= TO DO =
Give back every line of the material exactly. Skip the pictures.

────────────────

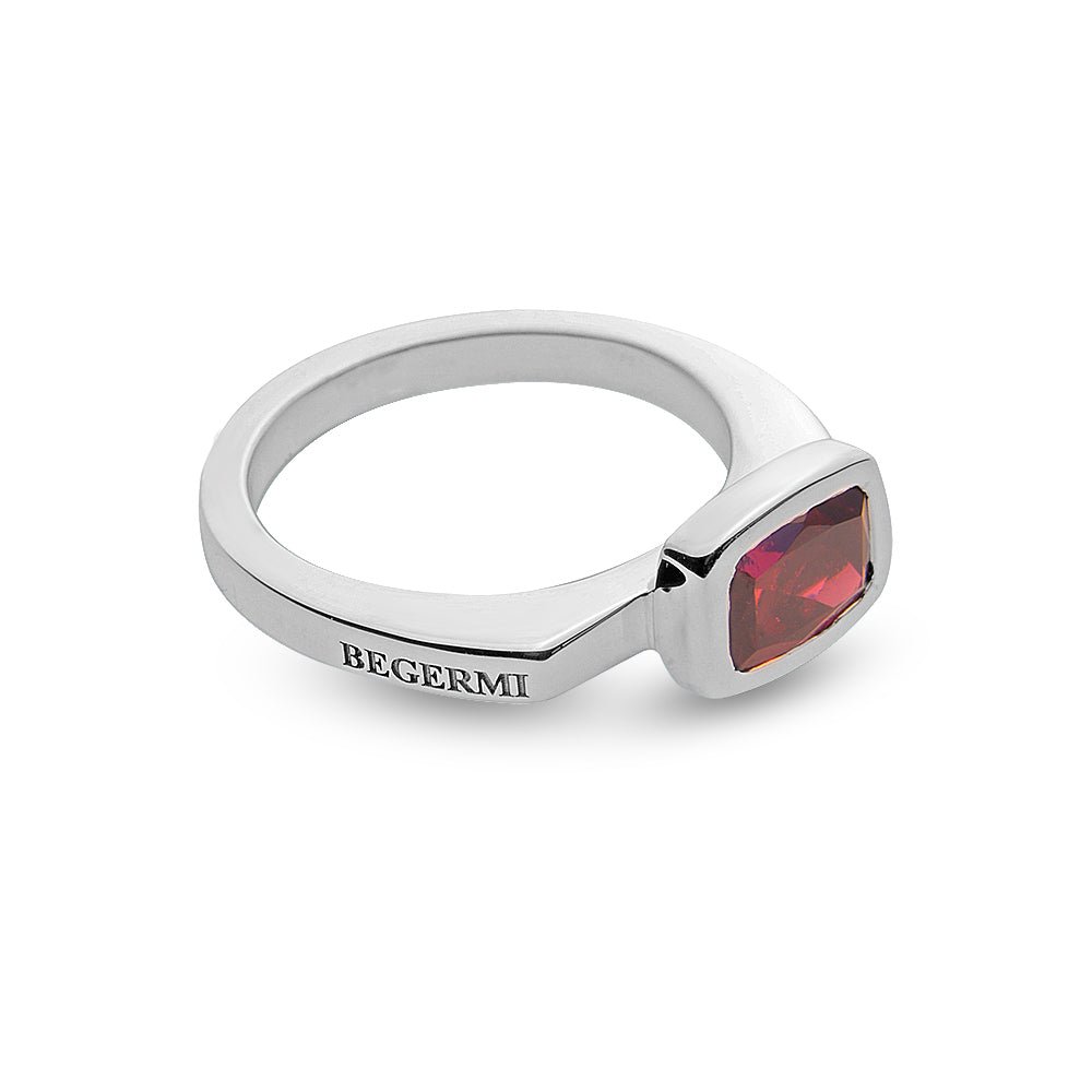 The rhodolite shows a vivid wine-pink tone that feels rich and memorable. Set against polished silver, the gem becomes the visual anchor. The cool metal amplifies the stone’s saturation and depth. Thus, the contrast produces a dynamic, luxurious appearance. Clean edges and a smooth finish reflect the S. Begermi aesthetic. Therefore, the piece remains expressive without excess and feels timeless.
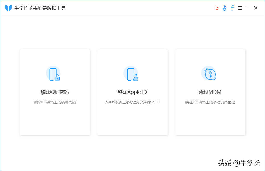 牛学长苹果屏幕解锁工具,轻松解锁iPhone屏幕锁、解锁Apple ID、移除MDM。轻松删除iPhone/iPad/iPod上当前登录的Apple ID账号。
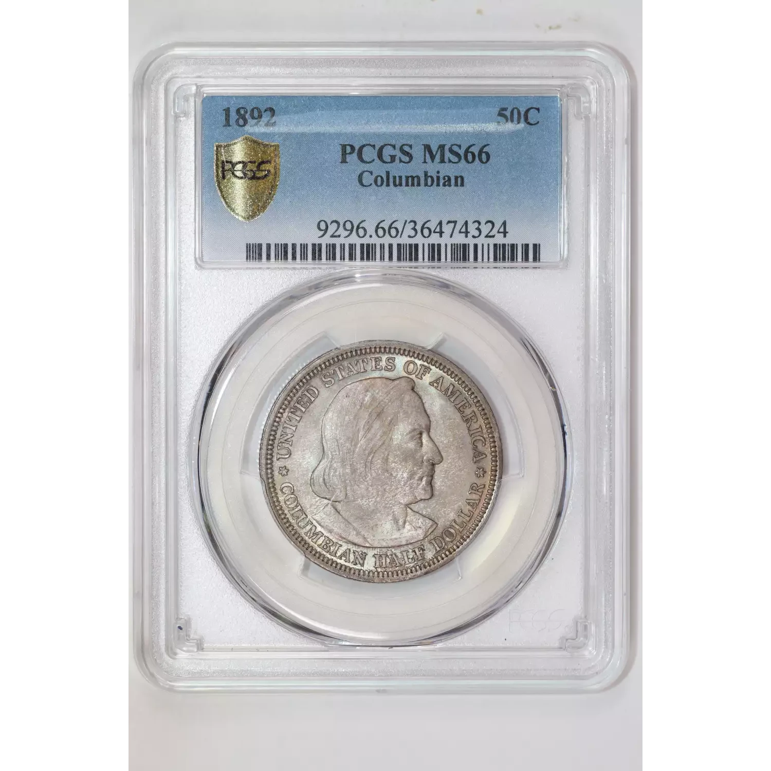 1892 COLUMBIAN SILVER COMMEMORATIVE HALF DOLLAR PCGS MS66
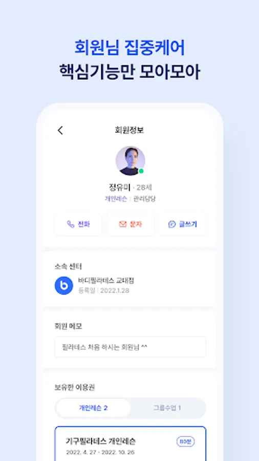 * Member management: From stable member management functions such as member registration, receivables management, expired member management, and automatic SMS transmission, instructors and staff can easily manage reservation schedules and members at any time through the coach-only mobile APP.
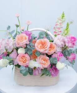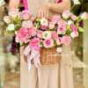 Giỏ hoa tone hồng theo phong cách hiện đại
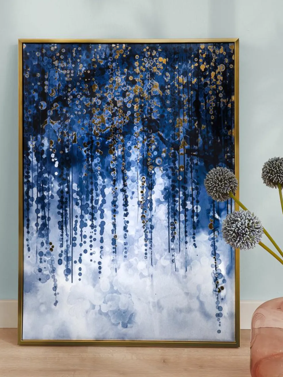 Dieses Giclée setzt mit seiner detailreichen Gestaltung und den partiellen Goldfolien-Akzenten edle Highlights. Die goldfarbene Bilderrahmen-Leiste aus Polyschaumkunststoffmaterial verleiht dem Kunstwerk eine elegante Note und macht es zu einem stilvollen Blickfang.
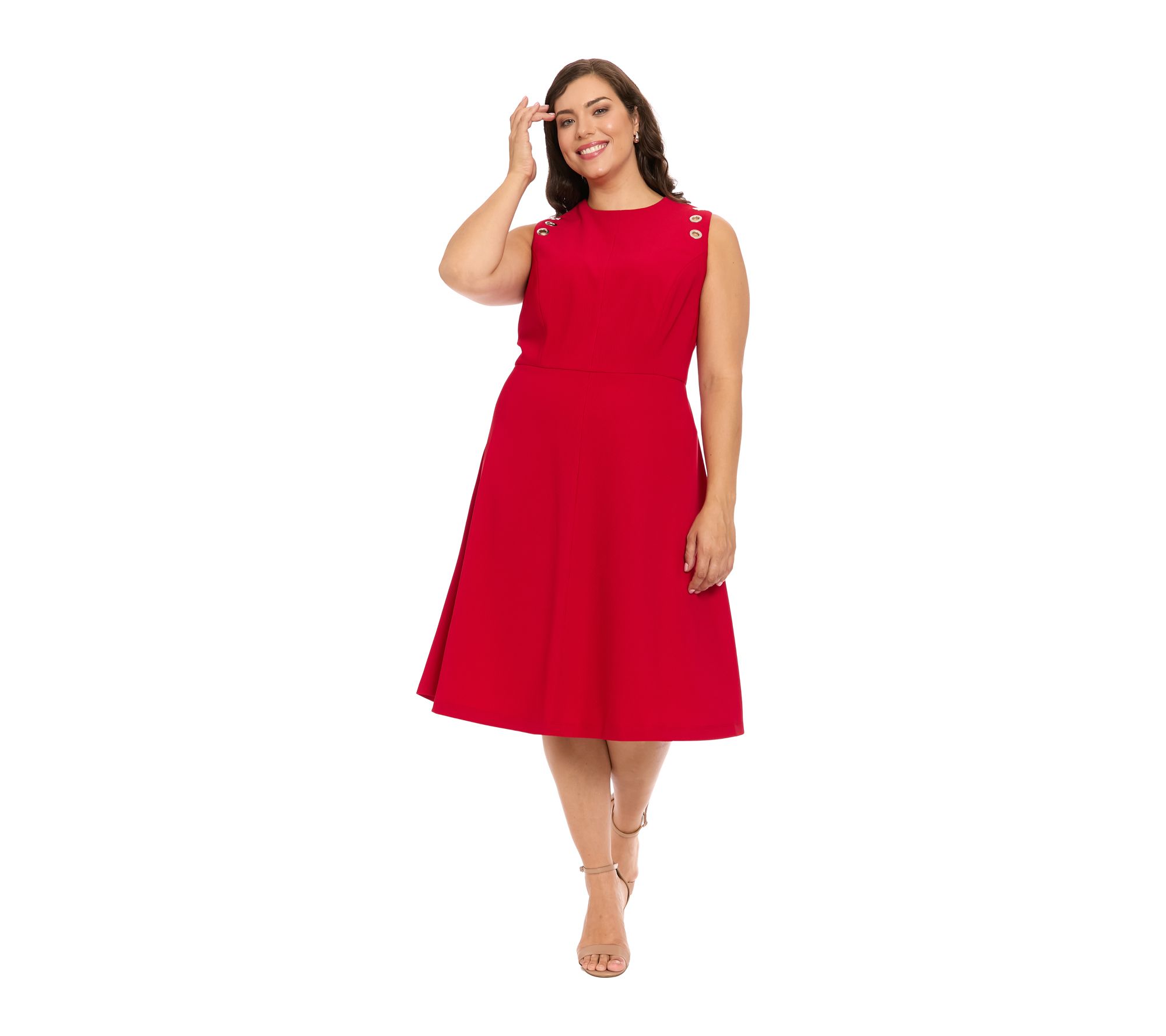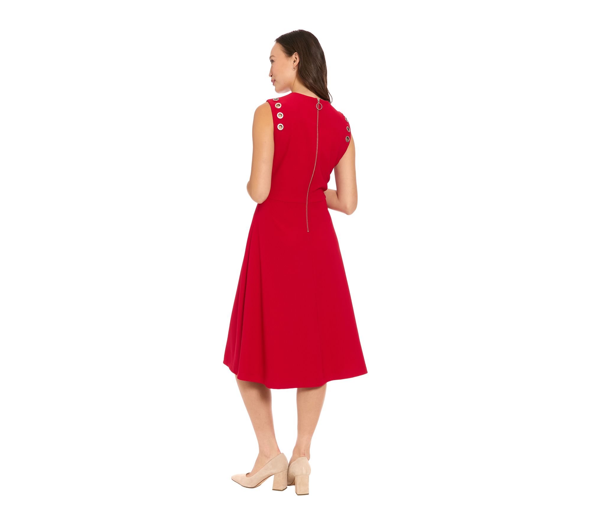 An afternoon lunch date or an evening out feels effortless in this versatile fit-and-flare dress. Soft, stretchy knit fabrication combines with a flattering silhouette that highlights your shape, and polished grommet details add a modern touch -- so you'll look put-together wherever the day takes you. From London Times.
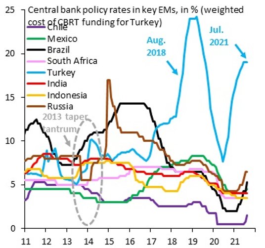 Niedawno Bank Centralny Sri Lanki (CBSL) jako pierwszy w Azji podniósł stopy procentowe od początku pandemii, działając w celu powstrzymania presji inflacyjnej i wysokiego importu, jednego z czynników, które przyczyniły się do 8-proc. deprecjacji rupii w tym roku. Na początku sierpnia o 100 pb podniósł stopy brazylijski bank centralny
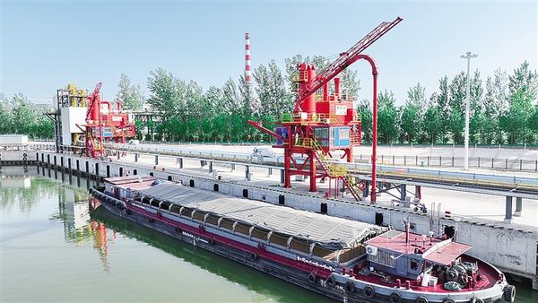 今年一季度,我市港口生產實現“開門紅”,周口港貨物吞吐量達到1427萬噸,同比增長76.33%,集裝箱吞吐量完成4.96萬標箱,同比增長56%。圖為4月23日,一艘裝滿糧食的貨船正停靠在碼頭等待卸糧。

────────────────

= SOLUTION FOR THIS TASK =
 The rhodolite shows a vivid wine-pink tone that feels rich and memorable. Set against polished silver, the gem becomes the visual anchor. The cool metal amplifies the stone’s saturation and depth. Thus, the contrast produces a dynamic, luxurious appearance. Clean edges and a smooth finish reflect the S. Begermi aesthetic. Therefore, the piece remains expressive without excess and feels timeless.
 牛学长苹果屏幕解锁工具,轻松解锁iPhone屏幕锁、解锁Apple ID、移除MDM。轻松删除iPhone/iPad/iPod上当前登录的Apple ID账号。
 1892 COLUMBIAN SILVER COMMEMORATIVE HALF DOLLAR PCGS MS66
 * Member management: From stable member management functions such as member registration, receivables management, expired member management, and automatic SMS transmission, instructors and staff can easily manage reservation schedules and members at any time through the coach-only mobile APP.
 Giỏ hoa tone hồng theo phong cách hiện đại
 Dieses Giclée setzt mit seiner detailreichen Gestaltung und den partiellen Goldfolien-Akzenten edle Highlights. Die goldfarbene Bilderrahmen-Leiste aus Polyschaumkunststoffmaterial verleiht dem Kunstwerk eine elegante Note und macht es zu einem stilvollen Blickfang.
 An afternoon lunch date or an evening out feels effortless in this versatile fit-and-flare dress. Soft, stretchy knit fabrication combines with a flattering silhouette that highlights your shape, and polished grommet details add a modern touch -- so you'll look put-together wherever the day takes you. From London Times.
 Niedawno Bank Centralny Sri Lanki (CBSL) jako pierwszy w Azji podniósł stopy procentowe od początku pandemii, działając w celu powstrzymania presji inflacyjnej i wysokiego importu, jednego z czynników, które przyczyniły się do 8-proc. deprecjacji rupii w tym roku. Na początku sierpnia o 100 pb podniósł stopy brazylijski bank centralny
 今年一季度,我市港口生產實現“開門紅”,周口港貨物吞吐量達到1427萬噸,同比增長76.33%,集裝箱吞吐量完成4.96萬標箱,同比增長56%。圖為4月23日,一艘裝滿糧食的貨船正停靠在碼頭等待卸糧。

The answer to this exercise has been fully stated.